Managing risk to reputation is about fundamental perceptions of the company’s contributions, value and strategic direction. For many companies, the first step involves reevaluating their current risk management program. “Traditional enterprise risk management approaches have focused boards and C-suite executives on avoiding risks and protecting assets,” says Henry Ristuccia, partner, Deloitte & Touche LLP, and global leader, Governance, Risk and Compliance Services, Deloitte Touche Tohmatsu Limited. “These are important objectives, of course, and necessary for preserving the enterprise. But the traditional approaches often focus too much on risks within the organization and not enough on the ‘outside-in’ view.
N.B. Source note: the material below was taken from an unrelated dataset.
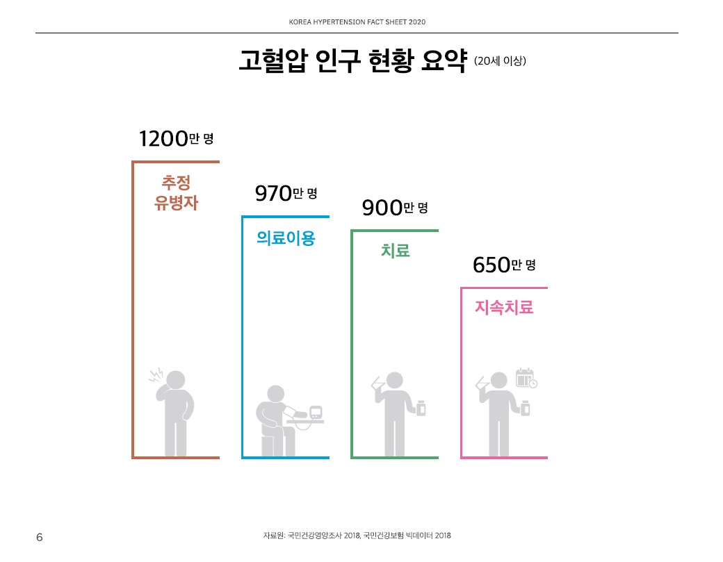 혈압이 높으면 동맥혈관 안쪽 얇은 내막이 손상돼 동맥경화성 심뇌혈관질환(심근경색, 뇌졸중 등)이 생길 수 있습니다. 혈압이 높다고 해서 단시간 내에 증상은 나타나지 않지만 적절한 관리가 이뤄지지 않으면 심근경색이나 뇌졸중 등 심각한 심뇌혈관 합병증이 유발될 수 있습니다. 고혈압이 세계 사망원인 기여도 1위인 만큼 주의가 필요한 기저질환입니다.

In other words, they don’t consider risks that can be seen and foreseen by observers from outside the company—an organization’s stakeholders.”
Time and again, catastrophic risk arrives unexpectedly. “This is generally because only the inside-out perspective has been considered,” notes Donna Epps, a partner and U.S. co-leader of Governance and Risk Management at Deloitte Financial Advisory Services LLP. “What is new today is the need for a 360-degree view of risk that effectively marries an outside-in risk perspective with inside-out risk intelligence.”
The true value of a “Risk to Reputation” program is to integrate an outside-in perspective into the enterprise risk program, providing a holistic overview of major and potential risks.
Step 1: Embark on a Discovery
Core to the discovery phase is a detailed examination of the firm’s current view of its strategies, risks and vulnerabilities. This helps ensure that, when the Risk to Reputation program is launched, the “known knowns” and the “known unknowns” are fully explored through a series of in-depth interviews conducted with C-suite executives.
Step 2: Establish the Baseline
In the second phase critical stakeholders are engaged to help assess the first outside-in perspective. Typically, this might cover regulators, financial and sector analysts, and local communities based around partners, customers, staff, suppliers, legislators, NGOs and other agencies.
A variety of techniques are employed to gather intelligence from the different audiences involved. It is important to gauge from the various perspectives the perceived impact of the firm’s reputation drivers on major enterprise strategies.
Step 3: Proactively Manage Risk to Reputation
By this time, techniques of outreach and research are established and the lessons from the discovery and baseline phases are put into action. There are three areas of focus at work:
“The payoff for effective management of a Risk to Reputation program is greater confidence in strategic execution,” notes Mr. Ristuccia. “By understanding and integrating external risks and opportunities into the organization’s Risk Intelligence, the goal is to end up with a program that puts the board and senior executives on the leading edge of knowing what might inhibit—or advance—the company strategy and then be prepared to act accordingly.”